Buenos Aires é linda! Tem uma atmosfera um pouco seca, mas é linda, acho a temperatura muito gostosa, a arquitetura é belíssima, andar por lá era algo que gostaria de fazer por toda minha
vida. Sem medo eu digo que moraria! As músicas da Regina Spektor ficaram em minha mente, não sei porque sempre admiro as coisas com uma certa melancolia. Talvez eu faça jus ao título do meu blog.

3º Dia - Muertos


Nesse dia fui ver Evita, Casares e todos os outros mortos que nem faziam ideia de que um dia eu iria visitá-los, e muito menos que estariam nessas condição. Mas antes disso, fui fazer um programa mais burguês: Compras! Comprei dois pullovers e um sapato-tênis da Puma, realmente economizei uma graninha boa. Mas não quis estourar minha quota, até porque o melhor estava para vir: Livros. Andar para comprar cansa mais do que para se divertir! Que
saco é comprar coisas em ruas e mais ruas, que saudades de shopping, mas lá era o lugar mais barato.

Mais tarde fui à Recoleta encontrar os mortos, realmente é um bairro lindíssimo! Tudo lindo e limpo! Bares convidativos, barraquinhas com coisas interessantes e cemitério. Esse cemitério é realmente bonito com várias esculturas muito interessantes (algumas se encontram no meu flickr com link abaixo), dá até vontade de morar lá, mas não gostaria de morar morto, depois de morto não me importa mais. Nesse dia estreitei minha amizade com a Elis (tinha conhecido no dia anterior junto à Traci, mas falamos muito pouco) enquanto com a Traci nem eu nem a Elis encontramos ela.

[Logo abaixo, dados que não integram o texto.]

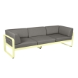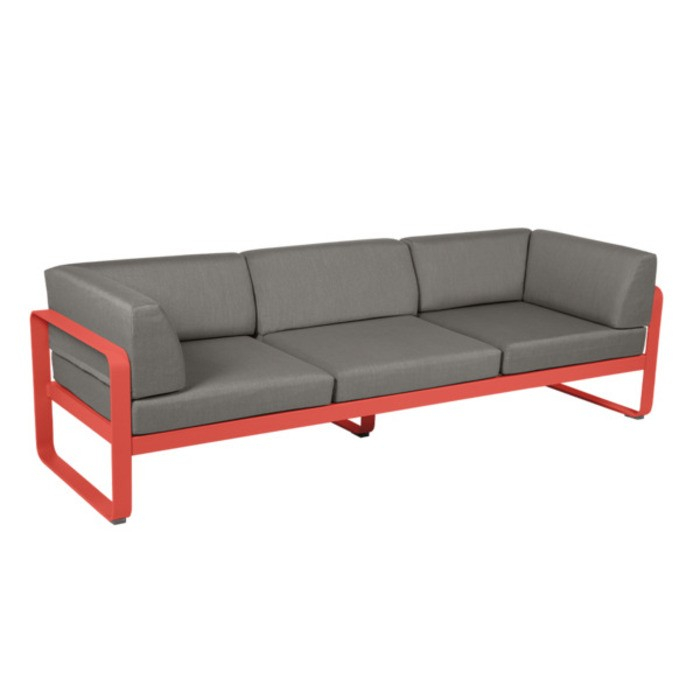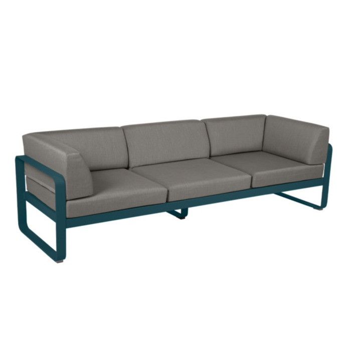 De Bellevie 3-zits Club sofa van Fermob is een eigentijds, duurzaam en gemakkelijk te verplaatsen tuinmeubel, met afneembare en machinewasbare Sunbrella® stoffen hoekkussens. Hij kan worden aangepast met een keuze uit 22 kleuren voor het frame en 4 kleuren voor de kussens, en kan worden gecombineerd met andere Bellevie items om een harmonieus geheel te creëren.

Uma pena.

Fui ao Carrefour com a Elis para comprar macarrão para comer, adorei o carrefour pois
encontrei vários itens para cozinha!!! Pena que não deu para comprar!!! Depois no hostel eu cozinhei e Elis tirou fotos minhas cozinhando mas ainda não sei onde elas estãos, mas já sei que pessoas já viram, isso me assusta!!!! Esse Dia as canções que me acompanharam foram os sons de Buenos aires!

4º Dia - Rayuela


Apesar de penúltimo dia, considerei como o último já que no dia seguinte teria apenas das 8 às 11 para fazer tudo que gostaria de fazer, então esse dia foi o último tecnicamente. Foi o Dia de passear pelo Bairro Boca e San Telmo, fomos Eu, Minha mãe, Elis e Carol. Que Gangue essa! Quatro Brasileiros, imaginem como foi! Foi muito divertido! Boca é um local divertido demais, fiz ótimas fotos! Tomamos uma cerveja local Quilmes, comemos Empanadas, tirei foto com pose de dançarino de Tango, e tivemos que nos desviar de todos restaurantes que nos convidavam, ainda mais porque a Carol estava com a Camisa do Brasil um convite para conversas a cada metro!

Em San Telmo andamos pela feira e conhecemos o bairro, que é lindo! Charmoso e com toda certeza deve ser bem acolhedor fora do domingo! Tirei muitas fotos também, conheci alguns lugares interessantes! Foi realmente um domingo muito divertido! Longe do Faustão, Gugu e outras merdas.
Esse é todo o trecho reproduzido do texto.